### Source records
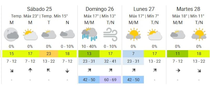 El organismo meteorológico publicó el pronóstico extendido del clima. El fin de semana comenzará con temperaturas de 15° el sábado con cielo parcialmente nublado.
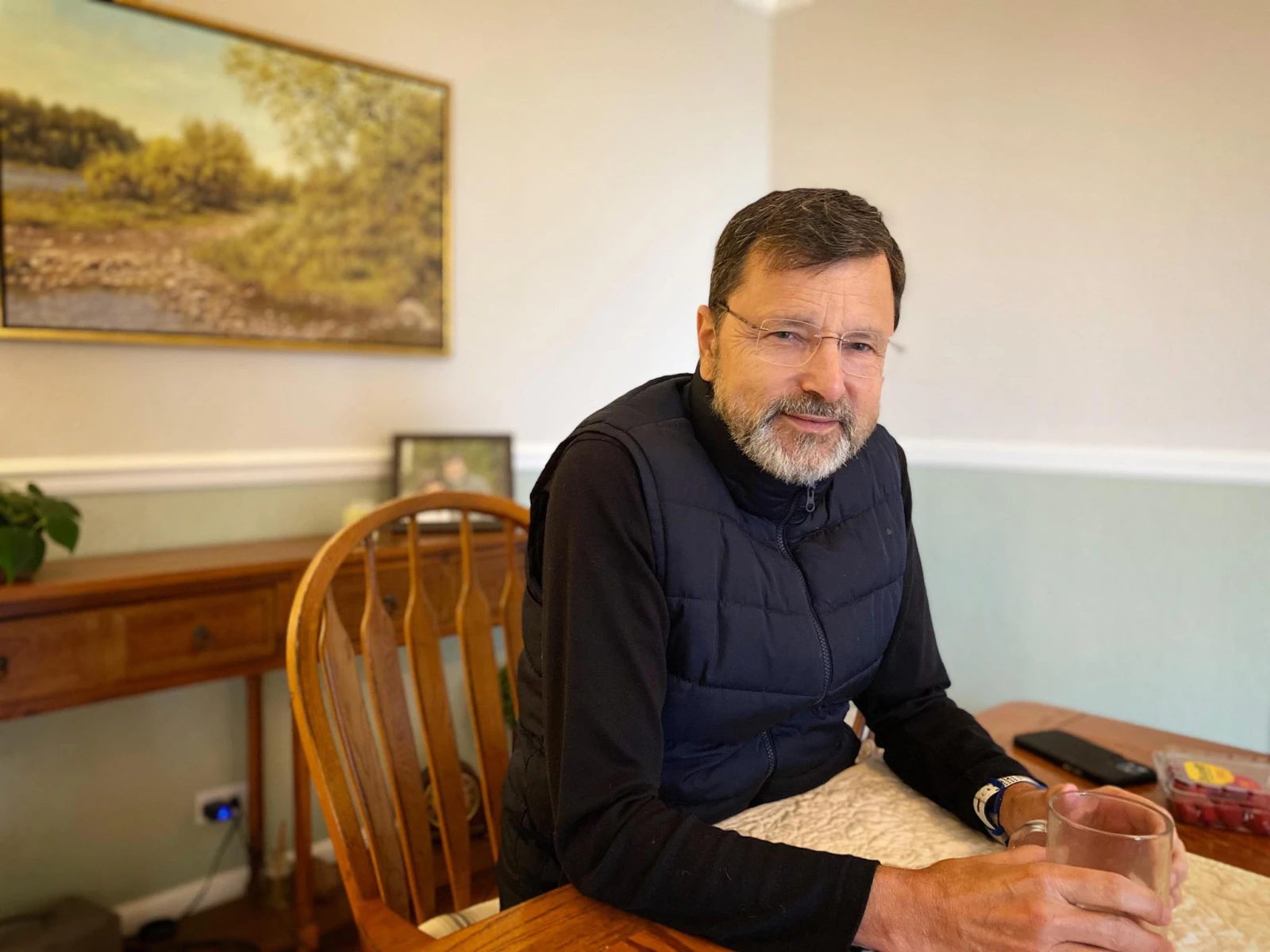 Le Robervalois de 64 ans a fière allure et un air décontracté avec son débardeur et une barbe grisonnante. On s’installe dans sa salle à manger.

==

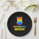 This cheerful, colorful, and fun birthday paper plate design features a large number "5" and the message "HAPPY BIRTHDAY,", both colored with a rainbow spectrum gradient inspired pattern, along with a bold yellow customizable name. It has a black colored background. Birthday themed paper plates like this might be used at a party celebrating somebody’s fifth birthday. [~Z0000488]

### Your task
What are the lines above from the one with "El organismo meteorológico" to the one with "Le Robervalois de", both included? Reproduce them exactly, without pictures.

### Reply to the exercise
 El organismo meteorológico publicó el pronóstico extendido del clima. El fin de semana comenzará con temperaturas de 15° el sábado con cielo parcialmente nublado.
 Le Robervalois de 64 ans a fière allure et un air décontracté avec son débardeur et une barbe grisonnante. On s’installe dans sa salle à manger.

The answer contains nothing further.